To listen to Danzón No. 2, click here.

Mikhail Korzhev, a pianist that “projects strength, atmosphere and the ability to tangle even the knottiest passages…” (International Record Review) is equally active as a solo recitalist, a performer with various chamber groups, a soloist with orchestras, and as a recording artist. His latest CD recordings, the two volumes of a Complete Piano Concertos by Ernst Krenek in collaboration with English Symphony Orchestra and Kenneth Woods were released by Toccata Classics in 2016 and 2017 to enthusiastic reviews in Gramophone, Diapason and other publications, made it to the “want list” of Fanfare magazine, became one of “10 Best Contemporary Records of the Year” by The Times (London), and in December 2017 made it to the list of “Top 10 Best Classical Records of the Year” by Forbes magazine. In September 2017 Korzhev became a recipient of a prestigious Anassilaos Prize, the annual award for the achievements in Arts and Sciences given by the local government of the province of Calabria (Italy).

Korzhev collaborated with several distinguished conductors: Sergiu Commissiona, Carlo Ponti Jr. and others, his chamber music collaborations include performing with soloists of Russian National Orchestra, Mladi Chamber Orchestra, Lyris String Quartet, and members of St. Petersburg and Tokyo String Quartets among others.
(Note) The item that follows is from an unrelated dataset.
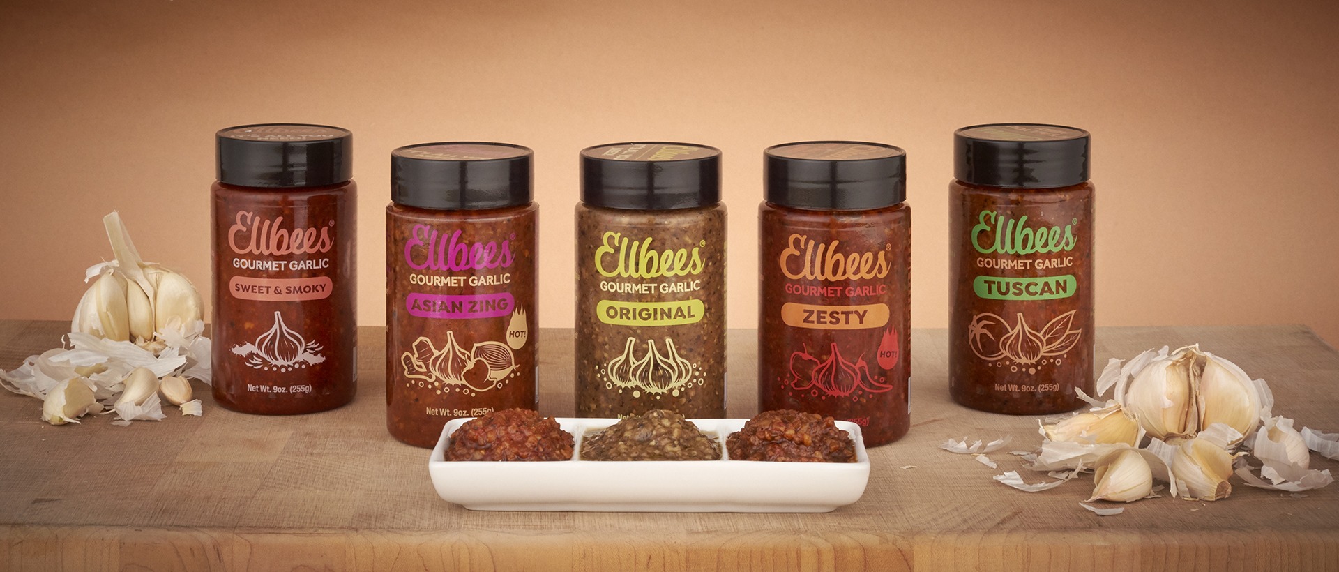 Ellbees is gourmet garlic with a twist. Combining fresh minced garlic with unique spice blends, the company has created the most convenient way to perfectly season your favorite culinary concoctions. Whether used as a rub, marinade, seasoning, condiment, or anything else your imagination can conjure, Ellbees offers the simplest way to add flavor to any dish.

His collaborative work was highly appreciated by Eugenia Zukerman, Richard Stolzman, Oleh Krysa and other noted musicians. Korzhev’s performances received a high critical acclaim from American and European press: ”The young Russian pianist… displayed a notable technical mastery which allowed for passionate moments of ardent lyricism as well as wonderful purity and fluency…” (Momento Sera, Rome).”Korzhev belongs to that exclusive club of super musicians…he already performs like a keyboard legend…he is a major talent.” (Salt Lake Tribune).
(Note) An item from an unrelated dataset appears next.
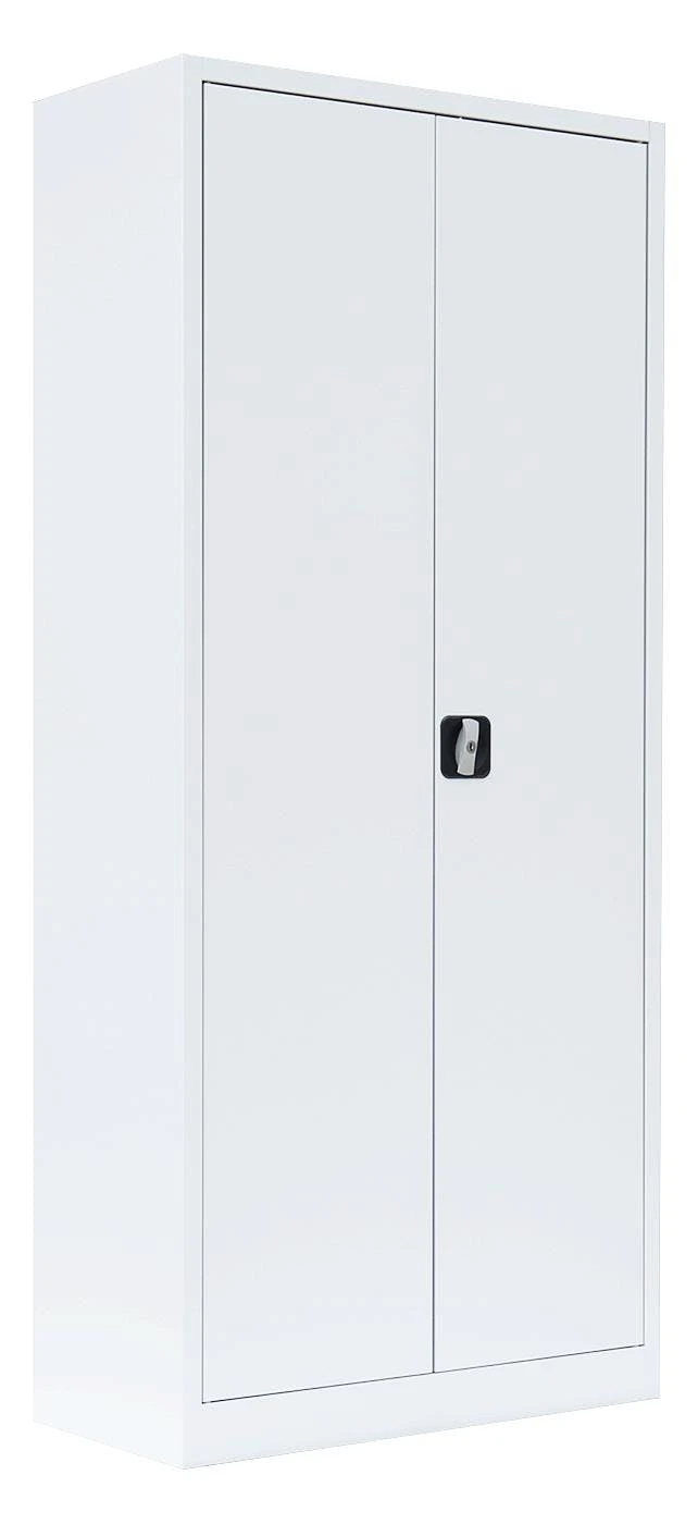 Holz-Aktenschrank ECO, Büroschrank, Ordnerschrank, mit 2 Einlegeböden, (3 Ordnerhöhen). Universell einsetzbar zur Lagerung und Ablage von Aktenordnern und Dokumenten, zum sicheren Aufbewahren (abschließbar durch Zylinderschloss) und Lagern von Werkzeug, Aufbewahrungsboxen, Verkaufsunterlagen, Katalogen, Papier und Schreibmaterial. Ideal geeignet für Containerbüros.Pflegeleichter Aktenschrank, melaminharzbeschichteter Holzspanwerkstoff nach DIN 68765 2 Fachböden, 3 OrdnerhöhenSchranktüren jeweils rechts und links angeschlagen, mittig schließendTüren mit Metallgriff90 ° ÖffnungswinkelEinlegeböden serienmäßig in Korpusfarbe ausgeführtProfil-Zylinderschloss inkl. 2 SchlüsselMit höhenverstellbaren BodengleiternLieferung: Zerlegt im KartonFarbe: LichtgrauMaße in mm ca.: Höhe: 1080 mm, Breite: 800 mm, Tiefe: 395 mm

His particular interest in contemporary music has lead Korzhev to participate in the Virginia Waring International Piano Competition in 2005, which had the emphasis on the music of Ernst Krenek. As a winner of that competition Korzhev gave a recital in the Vienna’s Konzerthaus about which the Wiener Zeitung wrote: “Korzhev obviously has a lot of affection for Krenek’s style… brings out well the dramatic qualities of his music…” Following the success of his Vienna debut Korzhev recorded a CD of Krenek’s piano music, released by Phoenix Edition/Naxos in 2008 that became an instant top seller and received several very enthusiastic reviews in the press.
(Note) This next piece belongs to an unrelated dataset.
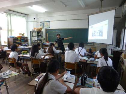 6年生の社会科は、日本の歴史を学習しています。明治時代に活躍した人物について学習していました。写真やビデオなどの視聴覚教材を使って、学習しています。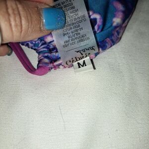 Bikini top, tie dyed style. Has ties for around the neck and back. Lightly padded.

Korzhev’s discography also includes three CD recordings featuring compositions for solo piano and chamber works by a prominent English composer Gerard Schurmann (in collaboration with Alyssa Park and Lyris string quartet) and a compilation of 40 classical standards for the online music library Megatrax.com.  

Korzhev combines his performing career with teaching. He taught at University of Southern California. Currently he is on the faculty of California State University at Fullerton and Chapman University. Since 2008 Korzhev is the faculty member at Beverly Hills International Music Festival. In the summer of 2009 he taught a summer course at the Bosendorfer Piano Academy in Vienna, Austria.

Korzhev holds a doctorate in piano performance from University of Southern California, where he studied with Daniel Pollack. His previous teachers include Alexander Satz and Vera Khoroshina at Moscow Conservatory College.